There is ….. creeping warlordism. Local army commanders are taxing timber, charcoal, tomatoes, anything that passes through their roadblocks, making $250,000 a month, the report said. Commanders are even conscripting civilians to haul wood through the forest, reminiscent of the Belgian colonial days when pith-helmeted officers whipped Congolese porters with hippopotamus hide.”

The Congo conflict is more than anything else an economic conflict. It will only stop when those profiting from it come to their senses (I don’t know what will prompt this if 5 million deaths and counting can’t do the trick). And the web of war-profiteers  is huge.

Meanwhile in Zambia, it’s everything goes like it is still 1991. A section of donors have suspended aid to the health ministry because $ 2.1 million went missing (“more than 100,000 Zambians die every year from malaria and HIV/AIDS”– Economist). The government is reluctant to fight corruption. Mr.
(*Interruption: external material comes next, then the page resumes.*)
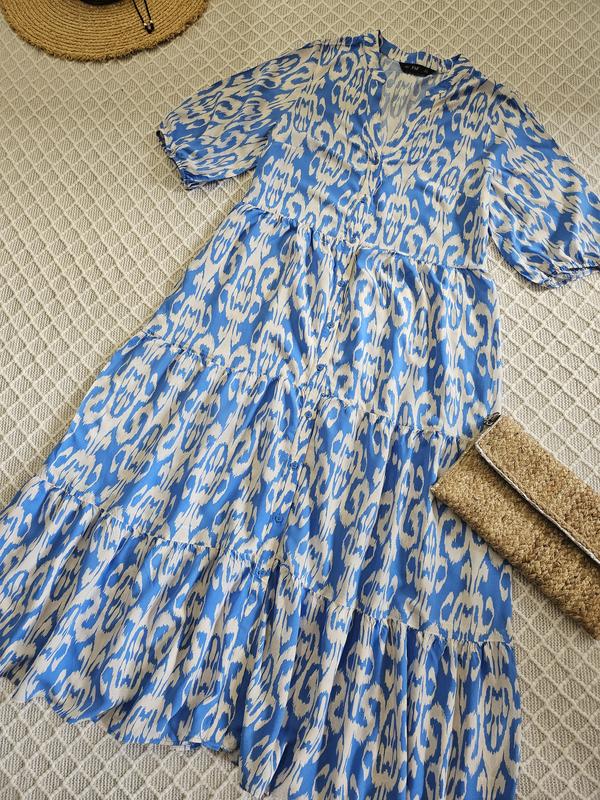Легкое, воздушное, натуральное, ярусное миди платье рубашка свободного кроя. 100% выскоза! Р. М- L

Rupiah Banda, the current president, seems bent on becoming the new Frederick Chiluba – the kleptocrat who ruled Zambia for ten years. Things never change.

who is funding this war?

The BBC is reporting that the FDLR, a group suspected to include genocidaires from Rwanda’s 1994 disaster, has retaken positions it ceded a month ago to Rwandan troops. Earlier this year Rwandan troops had moved into Eastern DRC with a mission to take out FDLR positions. However, it is now emerging that as soon as Rwanda left, the FDLR moved back and retook their old bases.
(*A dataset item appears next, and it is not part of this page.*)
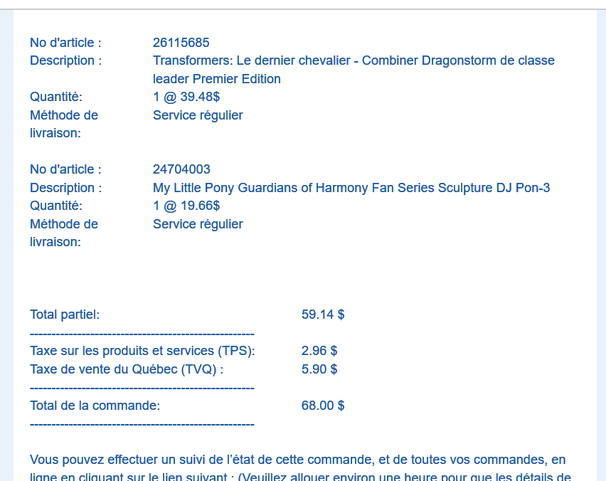 Today the sale was still on. Add 25$ off to the total and I got a sweet deal for those two toys that I never wanted to pay full price for: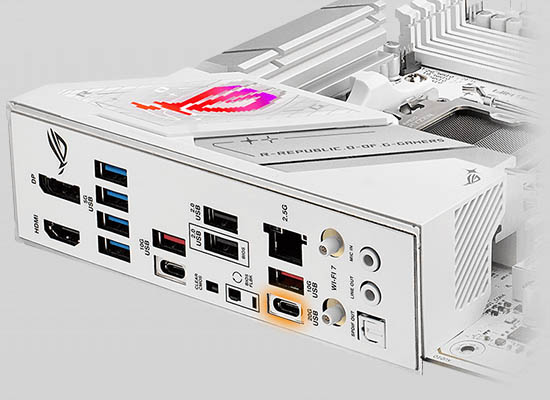 1 x USB 20Gbps ポート (1 x USB Type-C®) 3 x USB 10Gbps ポート (2 x Type-A + 1 x USB Type-C®) 4 x USB 5Gbps ポート (4 x Type-A) 2 x USB 2.0 ポート (2 x Type-A) 1 x DisplayPort 1 x HDMI™ ポート 1 x Wi-Fi モジュール 1 x Intel® 2.5Gb イーサネット ポート 2 x オーディオジャック 1 x 光デジタル出力 (S/PDIF) ポート 1 x BIOS FlashBack™ ボタン 1 x CMOS クリア ボタン |

congo-mine1These new developments just serve to illustrate how intractable the mess in Eastern Congo is. For years now Uganda, Rwanda and the weak Kinshasa governments of Kabila I and II have tried to restore order in this part of the vast central African country without success. It seems like the more the government tries to end the war the more rebel movements emerge. Which begs the question, exactly who is funding this war?

That foreign companies are accomplices in the Congo war is not a secret. The control of mines and trading centres (for tax purposes) seem to be the main motivations for the emergence of the numerous rebel groups. Someone is buying the minerals that come from these mines and someone is supplying the rag tag bandits with guns and ammunition. I am sure it is within the means of the UN and the many involved parties – if they mean well in their involvement – to expose the companies that are involved in this messy war, either as arms dealers or purchasers of minerals.

Just like it was in Sierra Leone with blood diamonds, the international community can shame the companies involved in this war to come clean and end the economic incentives for the proliferation of rebel groups and gangs in eastern Congo.

The following are some American-owned companies that were implicated in a 2002 UN report on the Congo war profiteers: Cabot Corporation, Eagle Wings Resources International, Trinitech International, Kemet Electronics Corporation, OM Group and Visgay Sprague …… and there are others.

The Congo war is a resource war and the sooner those trying to stop it acknowledge this fact and deal with it, the easier it is going to be to come up with modalities of how to end it.